一隻翅膀上的羽毛和尾翼都被排氣管所替代的金屬烏鴉,正從空中迅速折返,仿佛鎖定了什麽一般,朝道格急襲而來!
“轟!”
道格驚呼出聲,但他的聲音馬上就被更大的爆炸聲淹沒。
牆壁被魔物直接撞爛,大量的煙塵迸發出來,但不久又被高樓間的狂風吹散。
“嘎嘎嘎!救.....救我....嘎嘎.....救.....”
魔物嘶吼著,撲騰著,金屬的身體在地板上刮蹭出刺耳的聲音。
父親聽到房間內的響動立馬趕過來詢問道:“怎麽了兒子,發生什麽事了?”
“不要進來!”
房門沒有鎖,正當父親要推門進來時立馬被道格阻止了。
“喂老哥,怎麽了?我怎麽聽到什麽東西爆炸了!”
“我說了不要進來!”
此時,道格的心裡猶如一團亂麻。
魔物竟然會說話?
而且看樣子還是在求救,但為什麽會衝進我家裡來求救?
它是受了重傷嗎?
難道我家裡有它的同夥嗎?!
不,這絕對不可能!
正當道格不知所措之際,父親不顧勸阻,推門進入了房間。
“我不是說了......”
道格的話還沒說完,話就已經卡在了喉嚨處。
只見父親的臉上被一層細密的鱗片覆蓋,眼睛也變成了豎瞳。
跟著父親一起進來的母親和妹妹也是一樣,臉上布滿細密的鱗片,眼睛同樣也變成了豎瞳。
只有斬鐵依舊是那副樣子,急忙走到道格身邊將他護在身後。
道格不是傻子,再遲鈍的人看到這種情況也該察覺到異常了。
“道塵先生,夏蘭小姐,以及道雪。

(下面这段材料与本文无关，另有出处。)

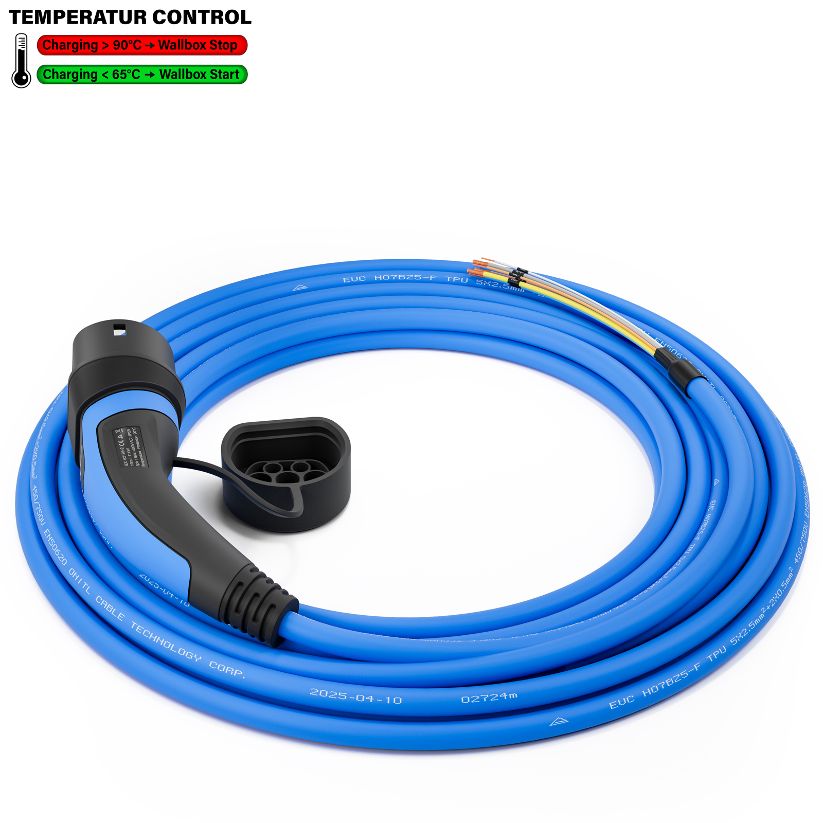 Ladekabel Typ 2 Mode 3 | 11kW | 10m | 16A | Offenes Ende (freie Kabelenden) für Wallbox Installation | Integrierte Temperaturüberwachung | Blau

是不是應該給我解釋一下,現在到底是個什麽情況?”
面對自己的家人,道格故意表現的很生分。
因為他已經徹底分不清眼前的家人到底是人,還是魔物。
父親道塵卻表現的出奇的平靜,仿佛早就預料到了今天會發生這樣的事情一樣,說道:“這裡不安全,我們進去說。”
客廳裡,道雪正在給那隻鋼鐵烏鴉治療。
明明烏鴉的身體看似都是金屬,但隨著道雪手中亮起陣陣光圈,本來殘破的地方竟如同富含生命般,開始緩慢再生。
母親夏蘭本想也來給道格治療,但是被護在身前的斬鐵攔住。
看著道格不善的眼神,夏蘭隻好作罷。
“現在可以說了嗎?”
道格癱坐在沙發上,用審問的語氣說道。
“如你所見,我們是魔物,是魔族安插到人類陣營中的間諜。”
道塵答道。
“魔物?難道我也是魔物?”
“不,你是我們領養的,為了能更好的偽裝成人類不被發現,我們需要一個真正的人類當家人來混淆視聽。”

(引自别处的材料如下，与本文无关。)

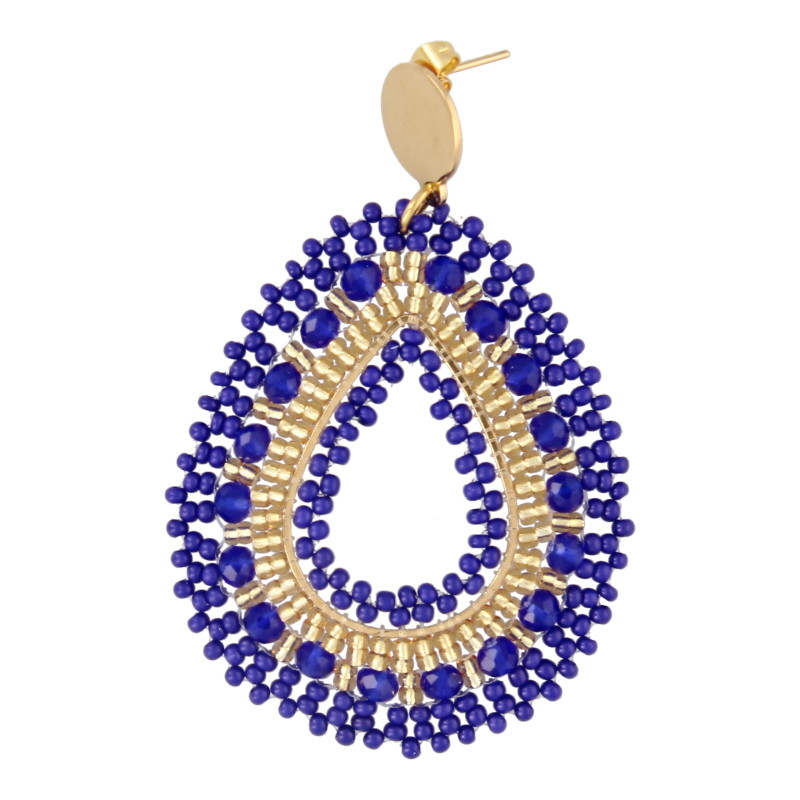 Oorbellen druppel met glaskraaltjes goud en koningsblauw

“呵呵呵,好好好,偽裝是吧,混淆視聽是吧。我憑什麽相信你?我是不是可以合理的懷疑,是你們殺了我的父母包括我的妹妹,然後偽裝成他們的樣子跟我生活,這樣也可以做到混淆視聽不是嗎!”
“小格。”
“老哥!”
“不要和我說話,夏蘭小姐,道雪小姐,我問的不是你們!道塵先生,你有什麽證據可以證明我是領養的?”
“我沒有證據......”
道塵平靜的臉上顯露出一絲悲傷,說道:“所謂的領養,其實也不過是我們從醫院把你偷出來而已,我們身為魔物,又是臥底,不能留下太多證據,但是,哪怕真的如你所說,是我們殺害了你的父母,頂替了他們的位置養育你,那我們也是真的把你當作自己的孩子啊,沒有傷害你的念頭啊!”

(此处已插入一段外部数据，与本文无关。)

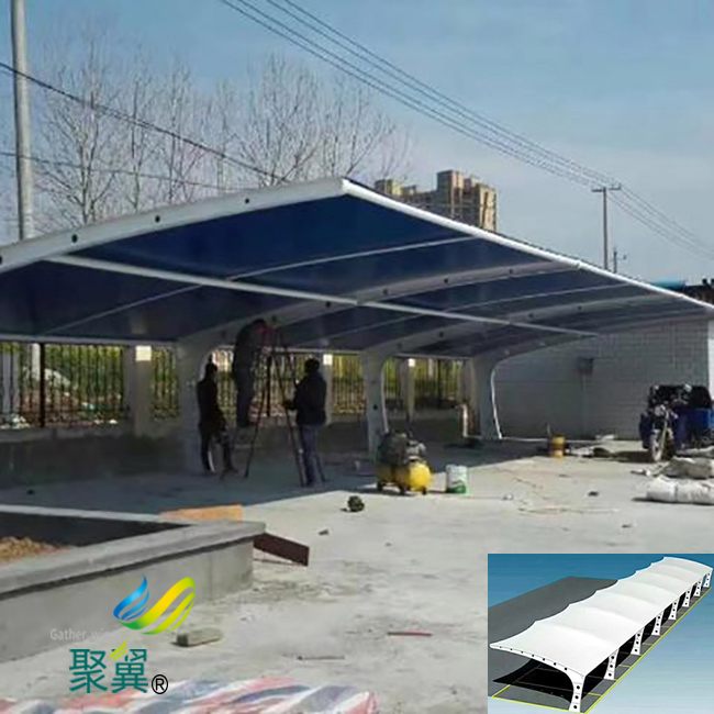 膜結(jié)構(gòu)車棚透光、自潔性:常用建筑膜材的外觀為PVDF資料涂層,存在物理服從動搖與良好的自潔效果,膜結(jié)構(gòu)車棚膜外觀粉塵一般環(huán)境下雨水可自行沖洗干凈,同時包管建筑的使用壽命。

“廢話!你們還需要我來進行偽裝當然不敢殺我。我會向菌殺者舉報,魔物道塵,夏蘭,道雪,入室殺人,偽裝成人類竊取機密情報,罪大惡極。”
“我不會讓你舉報的。”
“那如果我偏要呢!”
“那我會殺了你。”
“阿塵!”
“爸!”
“不要插嘴,如果放任道格胡作非為我們都會死,你們不明白嗎!”
“嘎嘎!不能殺,他,他很關鍵!”
道格雖說是道塵偷來的孩子,但是也已經養育了數十年,早已產生了感情。
道塵根本不可能真的狠心殺了道格,但是為了試探那隻烏鴉的想法他又必須這麽說。
同樣的,道格也是一樣,在這個家生活了這麽久,道格也無法輕易的割舍家人,即便他現在仍然不確定面前的魔物是否真的是他的家人。
他這麽說,同樣也是為了試探烏鴉的想法,或者說,試探那隻烏鴉背後的勢力,魔族的想法。
“菌殺者打傷了我,嘎,嘎,細嗅者很快就會找到我們,我們需要他,他還不能死!”
“什麽意思?”
道格問道。
“細嗅者找魔物,很容易,找變為魔武的魔物,很困難,和我簽訂契約,讓我成為你的魔武。”
“開什麽玩笑?和魔物簽訂契約我從來沒有聽說過。”
“正常來說不行,但是你,可以,你的力量,很特殊,那鎖鏈就是契約。”
它說的應該是救蕭談時,從斬鐵劍中出現的鎖鏈,想到這裡,道格突然間意識到什麽,接著問道:“下午的時候你為什麽襲擊我和蕭談?”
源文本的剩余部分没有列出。